Kartpostallardan oluşan bir posteri yazmalıyım:
Pet&Wild dergisi bu posteri dergiyle birlikte armağan olarak okurlarına dağıtmış:
Adı beni çok etkiledi:
Dönemin En İyi Fotoğraf Sanatçıları Tarafından Çekilmiş ve Değerli Kartpostallar Olarak Günümüze Ulaşmış 19.yy Başlarında İstanbul Sokak Köpekleri. (Hagop Savul Arşivi )
O fotoğraflarda sokak köpeklerini, onları besleyen insanları görüyorsunuz. Terkedilmişlik, sahipsizlik duygusu bir insan görüntüsünden daha çok içime dokundu, bu fotoğraflarda.
İçlerinden birinin altındaki yazı çok hoşuma gitti: Siesta.
Sokak köpekleri uyuyor, ola ki bir yaz öğle sonrasında.
Eski İstanbul'un görsel tarihini kartpostallarda bulabilirsiniz. Yalnız İstanbul'u mu, bir çok Anadolu kentini.
Ahmet Eken'in Kartpostallarda İstanbul'unu, Ozan Sağdıç'ın Ankara Post-kartları ve Belge Fotoğrafları'nı, Perihan Sarıöz'ün Bir Zamanlar İstanbul'unu, Kartlarda Yaşayan İstanbul'u seyrederseniz, iki şehrin de binasından, insanına kadar gelişimini, değişimini, bozuluşunu izleyebilirsiniz.

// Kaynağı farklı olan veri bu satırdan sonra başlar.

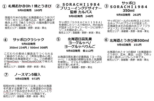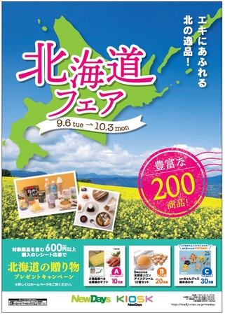 株式会社JR東日本クロスステーション リテールカンパニー(所在地:東京都渋谷区、カンパニー長:白石 敏男)は、運営する「NewDays」「NewDays KIOSK」において、9月6日(火)から10月3日(月)までの期間、「北海道フェア」を開催いたします。

Çok sevdiğim karpostal katalogu da Kurtuluş Yayınları'nın bir zamanlar yayınladığı Kartpostal Kitabı. Ünlü ressamların en seçkin tabloları kartpostal haline getirilmiş. Gönderdiğiniz kişiye zevkinizi de iletmiş oluyorsunuz.
* * *
KARTPOSTAL gönderin. Sevginize dokunabilsinler.